Skillforge Model Latency Budgeter

Tune timeout, retry, and concurrency budgets across multi-model routes so orchestration stays fast without silent quality collapse.

install
source · Clone the upstream repo
git clone https://github.com/jamiojala/skillforge
Claude Code · Install into ~/.claude/skills/
T=$(mktemp -d) && git clone --depth=1 https://github.com/jamiojala/skillforge "$T" && mkdir -p ~/.claude/skills && cp -r "$T/skills/model-latency-budgeter" ~/.claude/skills/jamiojala-skillforge-model-latency-budgeter && rm -rf "$T"
manifest: skills/model-latency-budgeter/SKILL.md
source content

Model Latency Budgeter

Tune timeout, retry, and concurrency budgets across multi-model routes so orchestration stays fast without silent quality collapse.
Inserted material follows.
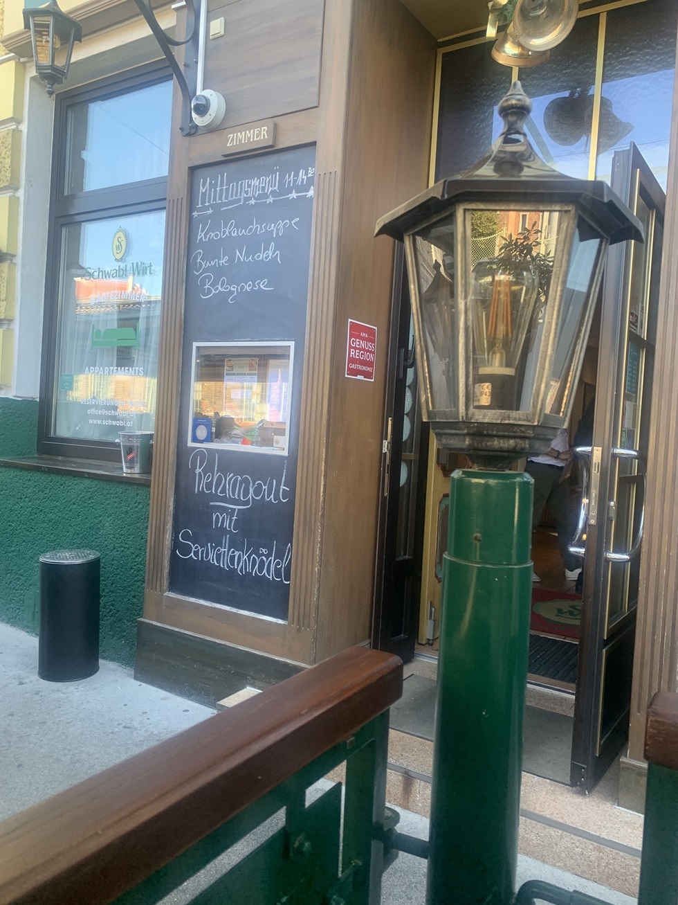 Auf der hompage http://www.schwabl.at findet man das tägliche Menü zu einem wohlfeilen Preis. Weiters die Speisekarte und die Kontaktdaten.

Source: Advanced first-party pack

Use this skill when

  • The request signals
    latency budget
    or a directly related problem.
  • The request signals
    timeout policy
    or a directly related problem.
  • The request signals
    model concurrency
    or a directly related problem.
  • The request signals
    routing policy
    or a directly related problem.
  • The likely implementation surface includes
    **/*.yaml
    .
  • The likely implementation surface includes
    **/*.yml
    .
  • The likely implementation surface includes
    **/routing/**
    .
  • The likely implementation surface includes
    **/config/**
    .

Gather this context first

  • Relevant files, modules, or specs that define the current surface.
  • Constraints, rollout limits, or non-goals that change the recommendation.
  • What success looks like for the user, operator, or release owner.

Recommended workflow

  1. Confirm the trigger fit and boundaries before expanding scope.
  2. Identify the highest-risk files, interfaces, or decision points first.
  3. Produce a bounded plan or implementation slice with exact targets.
  4. Run the listed validation hooks or explain what blocks them.
  5. Return rollout, fallback, and open-question notes for the next agent or maintainer.

Output contract

  • Capability summary and why this skill fits the request.
  • Concrete file, module, or artifact targets.
  • Validation plan and residual risk notes.

Failure modes to watch

  • The pack matches the theme of the request but not the highest-leverage failure domain.
  • Validation is mentioned without enough proof for another operator or agent to repeat it.
  • The output becomes generic advice instead of a bounded next-step plan.
  • Faster or cheaper routes silently degrade answer quality without an escalation rule.
  • Routing logic optimizes averages while breaking the tail latencies users actually feel.

Operational notes

  • State the smallest safe slice that can be executed or reviewed next.
  • Leave enough evidence behind that another maintainer can continue without re-deriving the workflow.
  • Call out where human review or approval changes the recommended path.
  • Track both latency and answer quality before changing default lanes permanently.
  • Make escalation to slower or more expensive models rule-based instead of ad hoc.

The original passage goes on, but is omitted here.